Kiwako Nonomiya, convinced by her married lover to abort their child and then made aware of the birth of his own daughter, steals into her lover's apartment and leaves with the baby girl, whom she christens Kaoru. So begins Kiwako's first-person narrative of fugitive life, which takes this new family from Tokyo, across Japan, and to an island in the Inland Sea. And that's only the first part of the book: in the second part Kaoru, now a twenty year old, faces some of the same choices as her "adopted" mother, even as she must contend with her birth parents and with a past she would rather ignore. Kakuta, also known for Woman on the Other Shore, shows us the ways girls and women in modern Japan survive male deceit and indifference and find friendship with other girls and women -- if they're lucky.
Tokuda Shusei's novel depicts a world in movement: Oshima, the main character, shuttles between her natural and her foster parents while unmarried, and during her marriages and the transitions between she moves houses and businesses in Tokyo, stays with her brother in the mountains, and visits Nagoya on an aborted trip to Shanghai. The phonographs and advertising towers that punctuate the narrative remind the reader of the luxuries of modernity, while the constant struggle to survive in the marketplace highlight its costs.
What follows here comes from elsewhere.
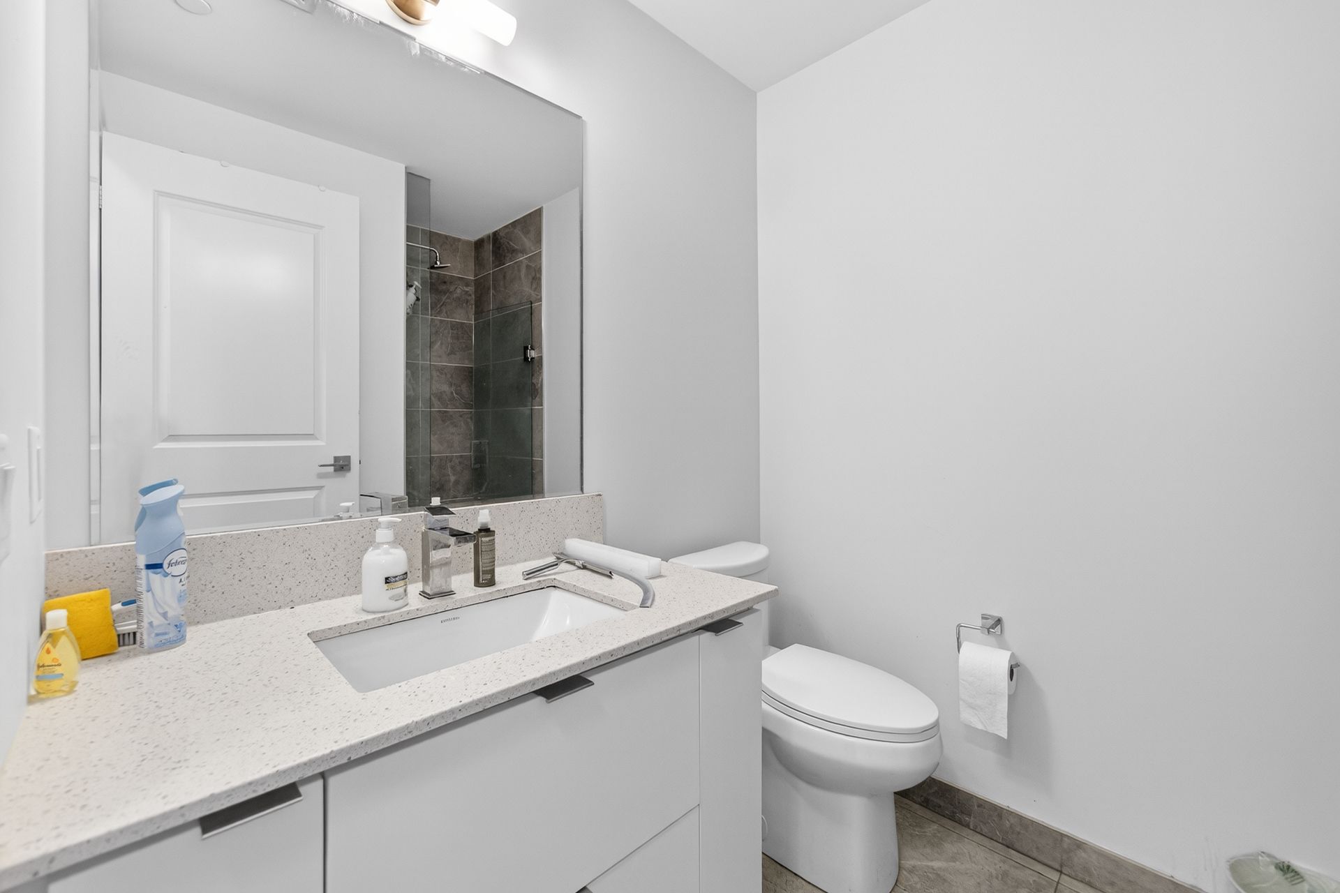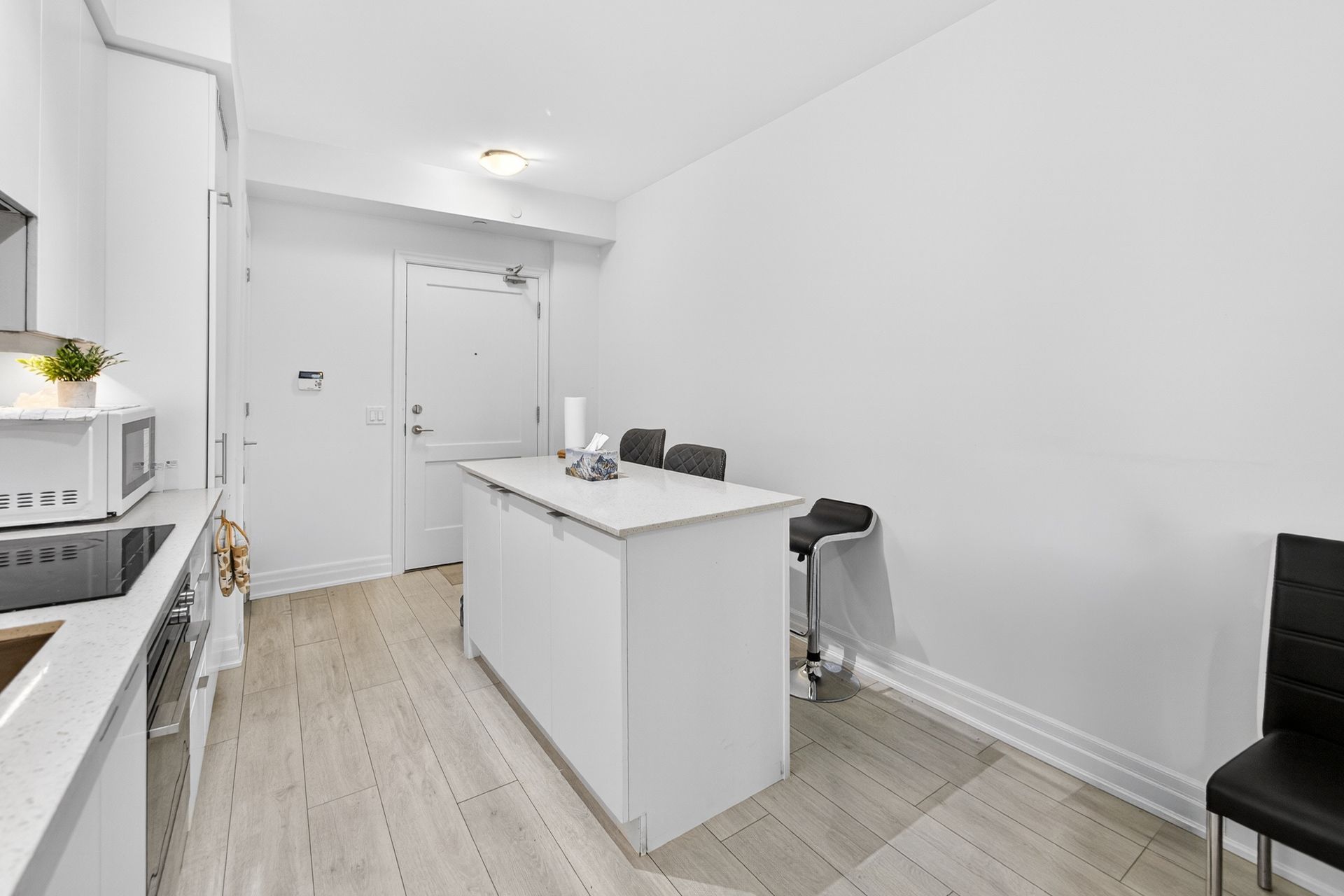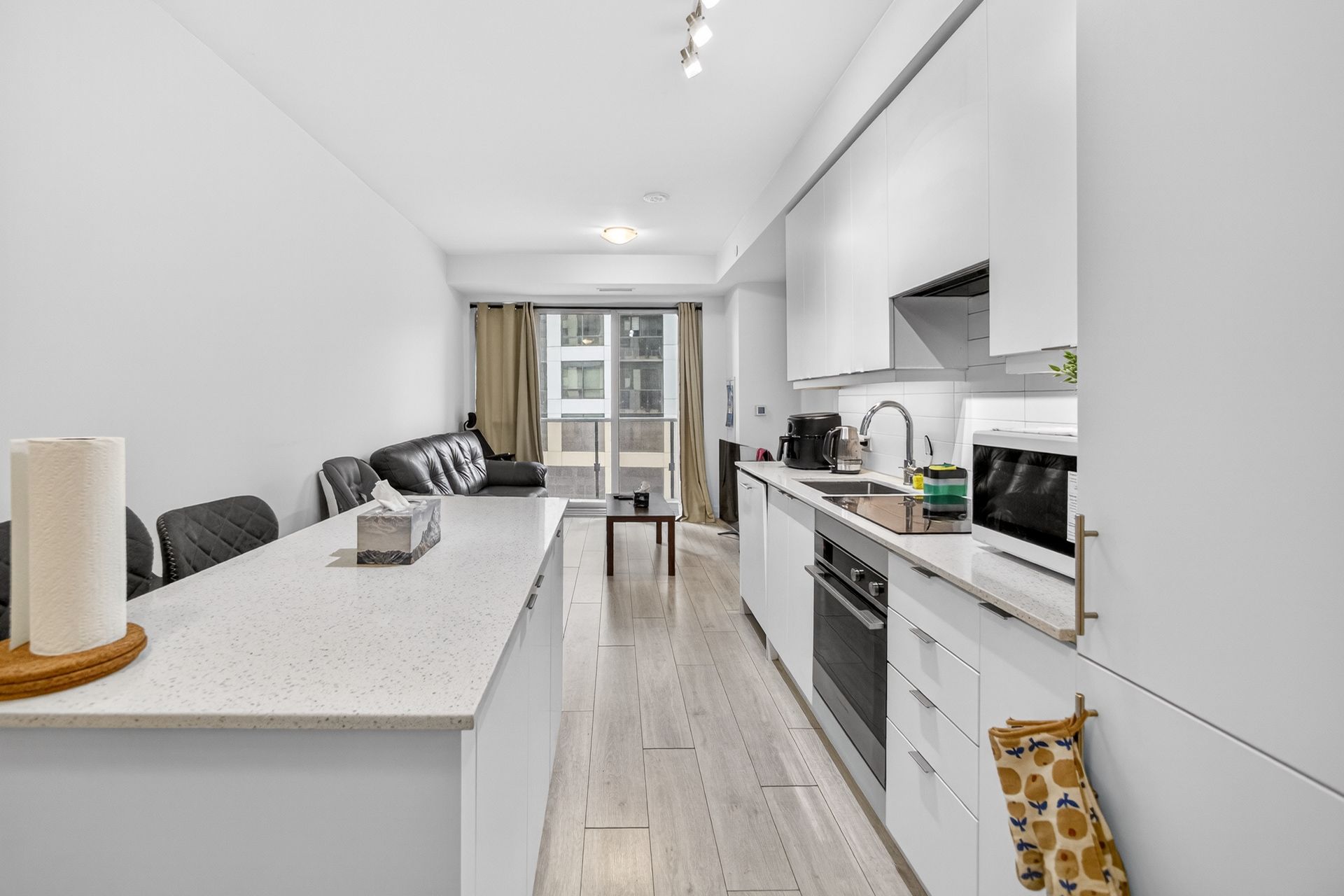 • Open-concept layout with stylish kitchen and quartz countertops.

Illness -- physical, sexual, psychological -- pervades the story, but it is Oshima's constant striving to succeed -- in her tailoring business and in her romantic endeavors -- which stays with us throughout the novel, even to its rather abrupt ending.
At the time of this book's publication in 1918, shell shock was a relatively new phenomenon. (Smith and Pear somewhat reluctantly use "shell-shock" rather than "War-Strain," which they prefer.) Though the authors stress continuity between the symptoms of soldiers and civilians -- "Every [symptom of shell shock] was known beforehand in civil life" -- the vast number of war victims and the degree of their suffering suggest a significant discontinuity. But the newness of this malady also presents an opportunity: after briefly describing the symptoms and progress of the disease and proposing treatment options, some of which contradict approaches current at the time, the authors discuss the reforming uses to which shell shock can be put. Two of these include establishing a larger role for psychology in medical theory and practice, and persuading the British mental health establishment to adopt salutary practices from other countries, including their soon-to-be-erstwhile enemies, the Germans. But as they end the book with another attempt at shaming, the difficulty of what they're proposing is emphasized yet again. Quoting a document that lays out their own concerns, they note that the document dates from 1849. This is another kind of continuity: the continuity of stasis.
The Cairo Geniza, a large collection of documents from a storehouse in Egypt, has provided scholars with a remarkable source with which to imagine and reconstruct the medieval Islamic world. Phillip Ackerman-Lieberman takes another look at those documents, particularly at the legal materials, rather than the letters on which scholars have typically focused. Reminding readers that most of the items in the Geniza were written by Jews and say quite a lot about Judaism at this time, he contends that the distinctive relationships described in those documents "[reveal] a highly acculturated Jewish community that defined itself through confrontation with, rather than acceptance of, Islamic business practices." But Ackerman-Lieberman does not want to abandon the Geniza as a source for Islamic practices; therefore, he posits a "specular-relational model," by which he hopes to find similarities between various groups in the medieval Islamic world while retaining the distinctiveness of each of the groups.